## What to produce
In the material below, which lines hold the word "that"? Pick each one out.

## Data to process
• • • • •

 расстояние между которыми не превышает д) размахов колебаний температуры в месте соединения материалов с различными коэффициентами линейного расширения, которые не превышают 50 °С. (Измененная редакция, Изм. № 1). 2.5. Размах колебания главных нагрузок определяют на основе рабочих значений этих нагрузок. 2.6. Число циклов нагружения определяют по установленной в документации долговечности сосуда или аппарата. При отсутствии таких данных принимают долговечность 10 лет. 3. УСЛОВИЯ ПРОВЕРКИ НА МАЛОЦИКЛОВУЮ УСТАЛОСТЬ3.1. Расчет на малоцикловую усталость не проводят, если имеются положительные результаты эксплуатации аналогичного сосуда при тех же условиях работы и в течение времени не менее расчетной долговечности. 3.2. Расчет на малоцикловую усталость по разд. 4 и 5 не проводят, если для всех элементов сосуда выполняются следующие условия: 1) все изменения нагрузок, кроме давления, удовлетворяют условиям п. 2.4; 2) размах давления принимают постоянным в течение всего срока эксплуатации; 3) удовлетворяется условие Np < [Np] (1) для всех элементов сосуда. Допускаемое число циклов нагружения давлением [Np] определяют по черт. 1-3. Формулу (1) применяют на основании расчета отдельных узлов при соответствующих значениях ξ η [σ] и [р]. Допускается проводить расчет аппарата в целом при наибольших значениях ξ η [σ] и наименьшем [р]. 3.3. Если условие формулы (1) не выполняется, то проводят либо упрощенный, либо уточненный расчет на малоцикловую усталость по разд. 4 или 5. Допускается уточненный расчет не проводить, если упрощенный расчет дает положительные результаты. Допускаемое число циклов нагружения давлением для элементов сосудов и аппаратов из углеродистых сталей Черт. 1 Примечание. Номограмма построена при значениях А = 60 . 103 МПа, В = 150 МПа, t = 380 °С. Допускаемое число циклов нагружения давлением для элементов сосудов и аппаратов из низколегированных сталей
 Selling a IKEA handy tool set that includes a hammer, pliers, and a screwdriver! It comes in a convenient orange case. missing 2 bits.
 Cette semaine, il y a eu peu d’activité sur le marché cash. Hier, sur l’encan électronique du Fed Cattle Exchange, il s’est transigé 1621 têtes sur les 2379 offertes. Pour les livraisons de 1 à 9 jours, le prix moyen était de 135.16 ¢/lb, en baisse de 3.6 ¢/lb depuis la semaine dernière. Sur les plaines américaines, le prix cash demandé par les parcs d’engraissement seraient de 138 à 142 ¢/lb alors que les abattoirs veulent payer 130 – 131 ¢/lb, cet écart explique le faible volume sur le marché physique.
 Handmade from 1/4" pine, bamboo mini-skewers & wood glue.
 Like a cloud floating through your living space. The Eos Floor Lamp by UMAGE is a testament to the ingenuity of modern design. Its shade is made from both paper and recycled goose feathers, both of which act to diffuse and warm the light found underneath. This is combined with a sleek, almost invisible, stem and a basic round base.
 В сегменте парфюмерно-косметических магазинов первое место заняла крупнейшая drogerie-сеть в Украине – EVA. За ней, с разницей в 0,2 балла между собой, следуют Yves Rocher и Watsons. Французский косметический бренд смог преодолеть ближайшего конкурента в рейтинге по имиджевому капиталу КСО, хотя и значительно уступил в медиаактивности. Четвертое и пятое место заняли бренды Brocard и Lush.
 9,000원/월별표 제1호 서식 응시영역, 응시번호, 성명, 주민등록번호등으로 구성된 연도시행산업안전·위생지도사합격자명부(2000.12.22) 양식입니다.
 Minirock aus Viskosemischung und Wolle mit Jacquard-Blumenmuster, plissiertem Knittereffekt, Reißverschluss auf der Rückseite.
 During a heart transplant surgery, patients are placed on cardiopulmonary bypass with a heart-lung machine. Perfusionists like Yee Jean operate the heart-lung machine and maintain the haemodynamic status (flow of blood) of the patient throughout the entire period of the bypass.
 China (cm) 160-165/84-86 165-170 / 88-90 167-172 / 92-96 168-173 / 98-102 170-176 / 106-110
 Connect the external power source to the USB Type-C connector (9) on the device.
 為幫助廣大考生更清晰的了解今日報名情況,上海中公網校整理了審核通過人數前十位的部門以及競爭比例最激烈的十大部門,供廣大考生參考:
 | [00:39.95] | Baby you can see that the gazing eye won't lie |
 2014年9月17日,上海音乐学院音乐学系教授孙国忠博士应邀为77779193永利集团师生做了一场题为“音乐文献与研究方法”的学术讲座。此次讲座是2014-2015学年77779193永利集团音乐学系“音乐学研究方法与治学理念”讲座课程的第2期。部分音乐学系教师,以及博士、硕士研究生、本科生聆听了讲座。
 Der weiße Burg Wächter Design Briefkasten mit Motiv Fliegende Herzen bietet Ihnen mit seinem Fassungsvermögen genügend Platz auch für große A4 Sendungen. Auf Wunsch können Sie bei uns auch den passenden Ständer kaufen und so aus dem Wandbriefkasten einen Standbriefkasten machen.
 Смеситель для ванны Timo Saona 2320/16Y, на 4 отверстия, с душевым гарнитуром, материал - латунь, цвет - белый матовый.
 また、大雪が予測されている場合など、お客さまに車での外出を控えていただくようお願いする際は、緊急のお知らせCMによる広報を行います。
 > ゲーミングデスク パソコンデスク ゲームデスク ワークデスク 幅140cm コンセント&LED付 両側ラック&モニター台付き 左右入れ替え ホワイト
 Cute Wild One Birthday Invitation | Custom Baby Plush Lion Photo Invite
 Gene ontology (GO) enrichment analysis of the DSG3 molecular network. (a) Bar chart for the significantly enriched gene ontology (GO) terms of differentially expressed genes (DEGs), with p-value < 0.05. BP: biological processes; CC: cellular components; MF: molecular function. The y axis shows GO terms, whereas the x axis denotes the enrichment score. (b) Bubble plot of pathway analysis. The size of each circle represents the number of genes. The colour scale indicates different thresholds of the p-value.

• • • • •

## Task output
 Selling a IKEA handy tool set that includes a hammer, pliers, and a screwdriver! It comes in a convenient orange case. missing 2 bits.
 | [00:39.95] | Baby you can see that the gazing eye won't lie |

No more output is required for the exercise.